# How to set up daily call and access Tivo via internet?



## Restorer (Jan 6, 2002)

Right, now I've got the router thing sorted can someone please point me to how I can set up my daily call over the internet and access Tivo via the internet?


----------



## chrisd (Oct 24, 2003)

1. Buy a cachecard
2. Install cachecard http://www.steveconrad.co.uk/tivo/cachecard.html
3. Install tivoweb while you are at it http://www.steveconrad.co.uk/tivo/airnet2.html
4. sorted :up:


----------



## Restorer (Jan 6, 2002)

Yeah I've had all this for a while - it's what do I do next? I can't find a guide to setting up internet calls and accessing Tivo from another PC.


----------



## chrisd (Oct 24, 2003)

did you read the links I gave??

http://www.steveconrad.co.uk/tivo/cachecard.html -

"Part 5 : Setting up Network Information.
Now you have a chance to set up your networking information. If your Tivo already has network information such as from a previous install of Airnet or Turbonet, then this information will be retained. If, however, this is a new install then simply enter the IP information that you want to set up for Tivo by choosing option 2 and entering your required details. If you want to make Tivo connect to get it's daily data from the Internet, then ensure option 4 is set to Network. "

tivoweb (http://www.steveconrad.co.uk/tivo/airnet2.html) is how you access TiVo from other PCs


----------



## Tivo_noob (Jan 28, 2006)

Also make sure your dialling prefix is on ,#401 in the phone setup options


----------



## Restorer (Jan 6, 2002)

chrisd said:


> did you read the links I gave??


No need to get shirty m8. Yes I read the links you gave!! Did you read my post?? As I said, I have this stuff already. My Tivo has been networked for some time (although only in the last few days via a router) and I have Tivoweb running.

What I don't understand - because I am pretty stupid when it comes to networking matters - is what I physically have to do get it to make daily calls and, if I am at a different computer, how to access the Tivo.


----------



## Nebulous (Nov 28, 2005)

Restorer said:


> ...please point me to how I can set up my daily call over the internet and access Tivo via the internet?


Telnet into your tivo and type:

nic_config_tivo

Option 4 allows you to select your daily call method. 

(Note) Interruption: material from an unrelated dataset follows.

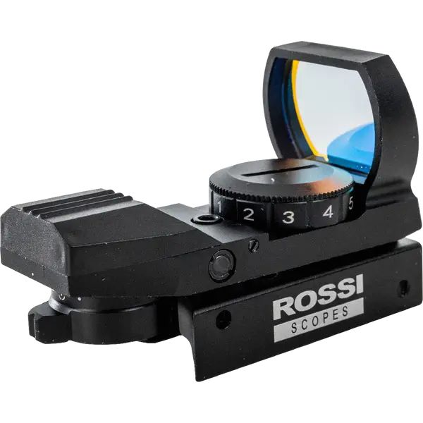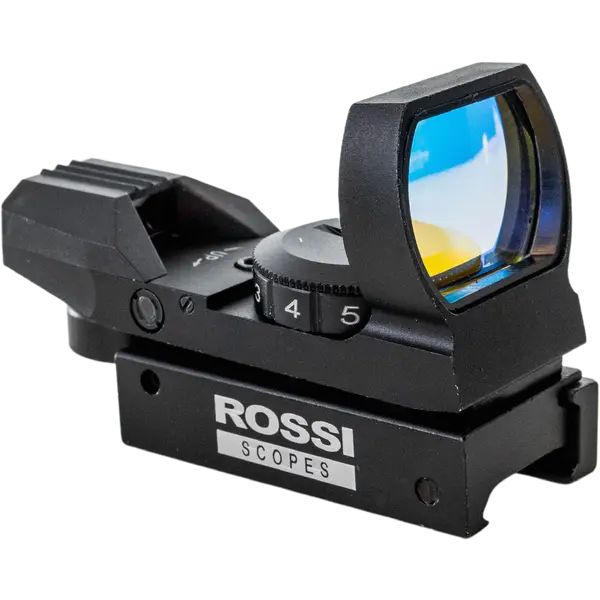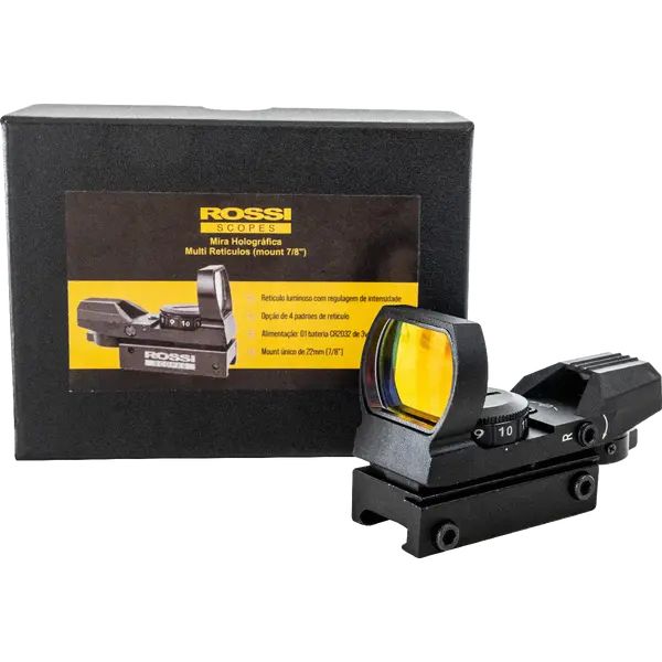 A Mira Holográfica Rossi Multi Retículos 1x22x33 é projetada para oferecer versatilidade e precisão. Com quatro padrões de retículo luminoso, ela permite ao usuário escolher entre diferentes opções de mira, adaptando-se a diversas situações de tiro. O retículo pode ser ajustado nas cores verde ou vermelha, com cinco níveis de intensidade de brilho para cada cor, garantindo visibilidade ideal em diferentes condições de luz. A lente de 22x33 mm proporciona um campo de visão amplo, facilitando a aquisição rápida do alvo.

No idea about accessing it over the internet though. 

Good luck.


----------



## Restorer (Jan 6, 2002)

Thanks for that - thought it was probably something pretty simple I was missing.


----------



## Tivo_noob (Jan 28, 2006)

Nebulous said:


> Telnet into your tivo and type:
> 
> nic_config_tivo
> 
> ...


Do as he says then do what i said in above post ^^^^^^


----------



## Restorer (Jan 6, 2002)

Bingo - test call succeeded! Only difference is it's option 5 on mine (maybe cos its a terbonet card and not cachecard?).

Is there some way to control when these calls are made or is it just at the time stated in the Tivo settings menu? My PC is not on 24/7.


----------



## The Bear (Sep 19, 2006)

your router can stay on 24-7 without your PC being on. That's what your Tivo connects to the net through, not your PC (assuming you don't have a seperate modem).


----------



## The Bear (Sep 19, 2006)

oh and you can manually make a daily call via - messages & setup, phone connection. IIRC.


----------



## Restorer (Jan 6, 2002)

The Bear said:


> your router can stay on 24-7 without your PC being on. That's what your Tivo connects to the net through, not your PC (assuming you don't have a seperate modem).

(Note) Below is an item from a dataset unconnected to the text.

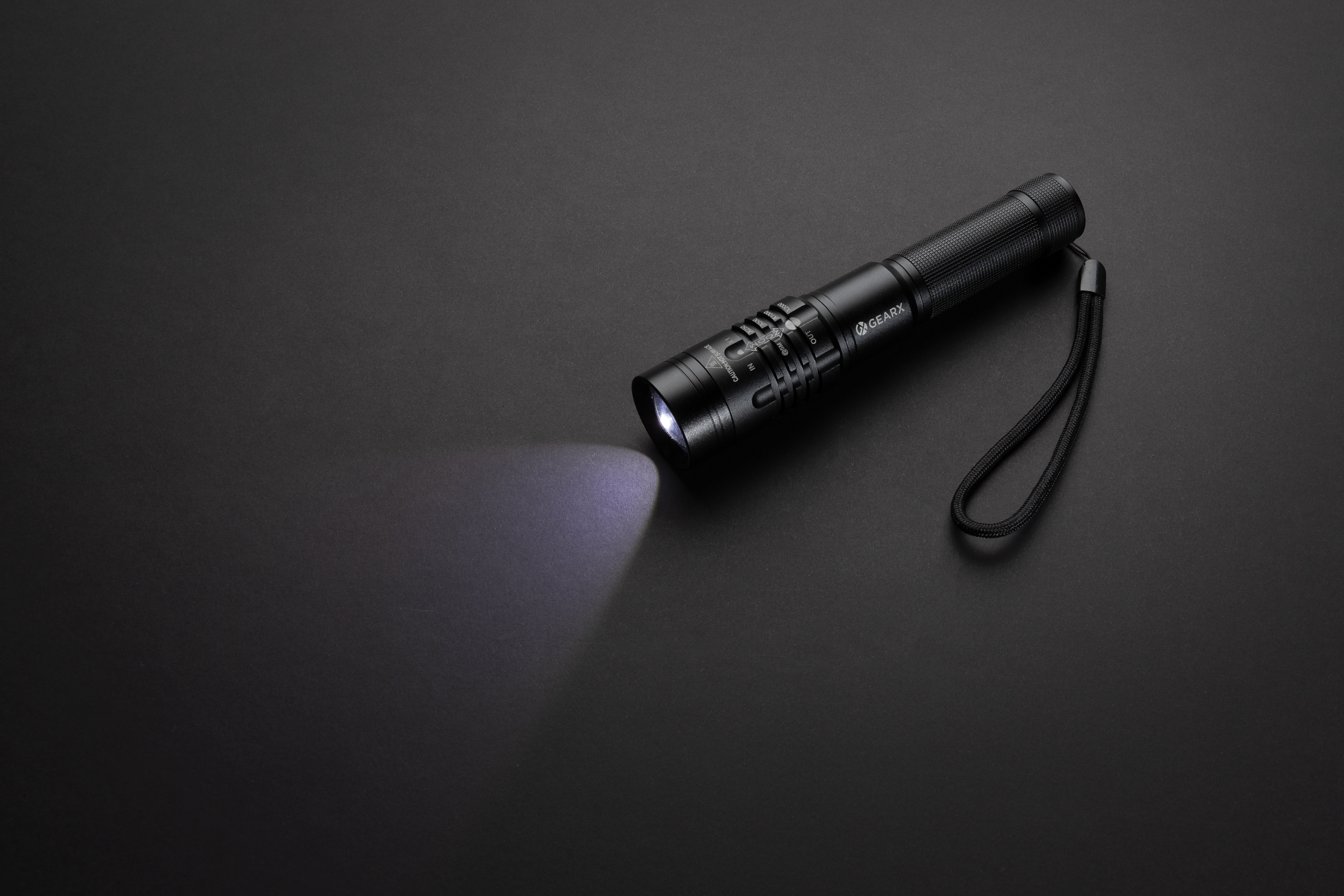 Funcionalidad, rendimiento y diseño se unen en esta linterna recargable. El cuerpo de aleación de aluminio de alta calidad se adapta perfectamente a tu mano. La luz de enfoque premium te permite extender la luz hasta 2000 veces. Debido a su clasificación IP4, es resistente a la intemperie, por lo que se puede sacar fácilmente al exterior. La potente bombilla crea hasta 1000 lúmenes y un haz que alcanza hasta 500 metros. La linterna utiliza una batería recargable, por lo que no es necesario reemplazar las baterías. Simplemente recarga a través de su toma USB. La bombilla de alta calidad viene con 5 modos, incluida la función SOS. La batería de 2000 mah permite un uso de hasta 4 horas con una sola carga.

Oh yeah  - told you I was pretty dumb in these matters.

Now I may be wrong, but I understand I should be able to connect to my Tivo from another computer via the internet (through Tivoweb I assume). Can anyone tell me how this is done?


----------



## Nebulous (Nov 28, 2005)

Restorer said:


> ... I understand I should be able to connect to my Tivo from another computer via the internet...


I have not done this myself, but since no one else has chipped in, I thought I'd tell you what I know ( not alot  ).

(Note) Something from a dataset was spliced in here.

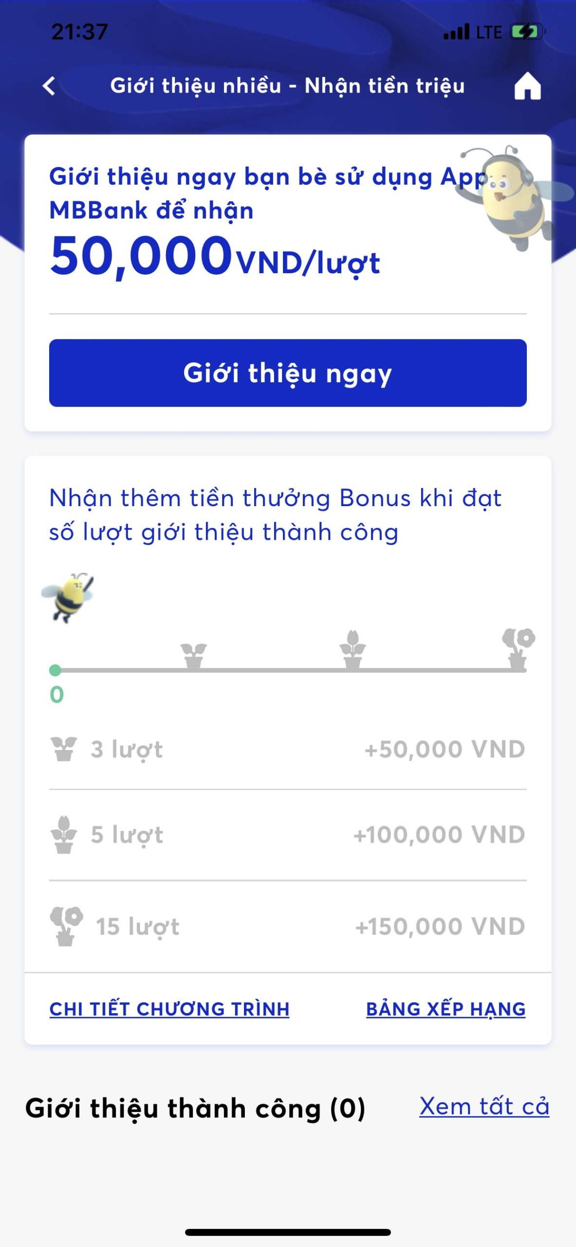 Người giới thiệu thành công 3 lượt nhận thêm 50.000VND.

There are a number of threads about doing this, which I have been reading (thinking of doing this...maybe) and it is not for the faint hearted.

I may be wrong on some of this but here goes...

You have to know your external IP address, which unless you ISP gives you a fixed one (unlikely) then it will change periodically. You therefore have to register with an external web site that will keep a record of your IP address so that you can request its current value when you need to.

You then have to open up a port on your router to allow incomming requests to your Tivo. This port can be anything, but depending on where you are accessing it from (e.g. from work), the system administrator may only allow certain port numbers to have outgoing access.

If you get that working then you have to setup the same port on your Tivo to accept incomming connections on your select port number.

The other catch is you cannot actually test it from home unless your router has a special mode (unlikely) that allows loopback testing. You therefore have to go somewhere else with an internet connection, test it, and if need be come back home again to fix it if it didn't work 

Also you have to be carefull when opening up ports on you router, otherwise you could be letting hackers into your network.

Hmm... now I now why I have only been reading about this and not doing it 

Best of luck, you'll probably need it


----------



## Restorer (Jan 6, 2002)

And there's me thinking it would be as simple as typing in a few numbers lol. Although it would be rather cool to have, it doesn't seem worth the hassle. Maybe I'll give it a go one day when I'm feeling adventurous.

Anyway thanks to you and the others for getting my daily call set up.


----------



## thechachman (Nov 28, 2004)

I've got all three of ours accessible on my blackberry


----------



## Raisltin Majere (Mar 13, 2004)

Nebulous said:


> You have to know your external IP address, which unless you ISP gives you a fixed one (unlikely) then it will change periodically. You therefore have to register with an external web site that will keep a record of your IP address so that you can request its current value when you need to.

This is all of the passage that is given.